Verse 15
15. Samuel said to Saul Did, then, Samuel actually speak? We understand that as the witch did all the seeing for Saul, so also she did all the speaking to him. She was the medium both of sight and sound. The Septuagint version calls her a ventriloquist; and she may have caused her voice to sound from some dark corner, so that Saul and his attendants believed it to be the voice of Samuel. But it is not necessary to suppose this. Any one who sought unto the dead in this way, even though he saw and heard the necromancer utter the words with her own lips, if he believed that the communication came from the person sought, would naturally speak of it in this way. So when Saul’s servants afterwards reported this affair, they would naturally say, “Samuel said to Saul,” not “the woman said;” for though they may have known that the woman was the medium of the sound, they doubtless believed that the communication itself came from Samuel.
It should here be observed how perfectly noncommittal the sacred historian is in recording this mysterious transaction. He records the whole matter precisely as it was reported by the two eye-witnesses, and these witnesses reported it precisely as it appeared to them. They believed that Samuel had spoken to their king; but the sacred historian expresses no opinion in the case. He may have believed their report, as they did, but he does not say so. And it is noticeable that none of the sacred writers commit themselves to any explanation of the mysteries which they record. The magicians of Egypt are represented as working actual miracles in opposition to Moses; but no attempt is made to explain the nature of those miracles. So here the sacred writer records a mysterious event just as it was currently reported and believed, but attempts no explanation.

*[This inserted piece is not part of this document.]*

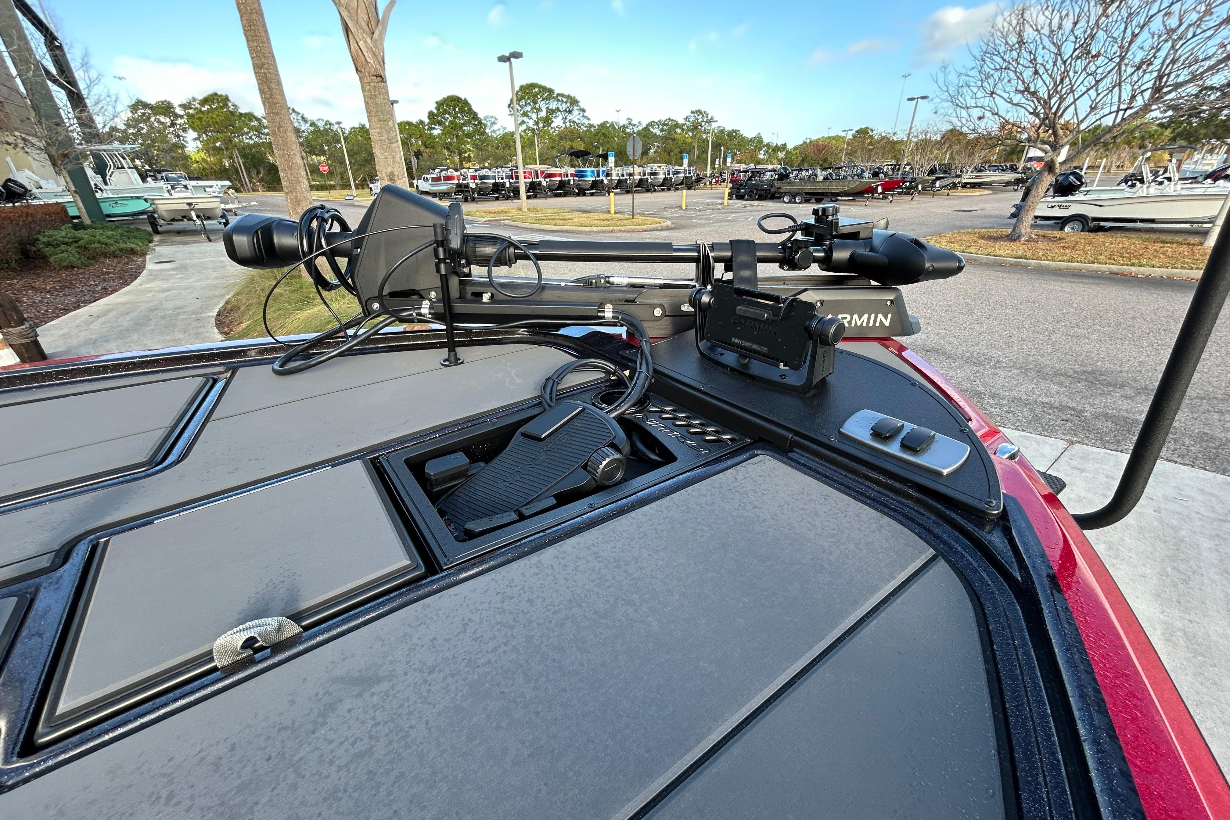 • Angled bow panel w/trolling motor receptacle, anchor/light switch, trim switch & capability to flush mount 10" (25.4 cm) fishfinder

Why hast thou disquieted me, to bring me up This utterance is unworthy of a holy prophet sent on a mission of God from heaven. He charges Saul with forcing him up from the grave against his will. The common interpretation affirms that Samuel rose from the dead by special permission and express command of God; but how absurd, in the light of Christian truth, to imagine the sainted Samuel coming thus from the world of spirits, and angrily complaining to Saul that he had disturbed him! Can it be aught but a pleasure for any of the saints in light to obey Jehovah’s orders? Or, if the order involve a painful duty, would it not be rebellion for the servant to complain? The words are rationally explicable only when regarded as a device of the witch to awe and terrify the soul of the king. They strongly savour of witchcraft.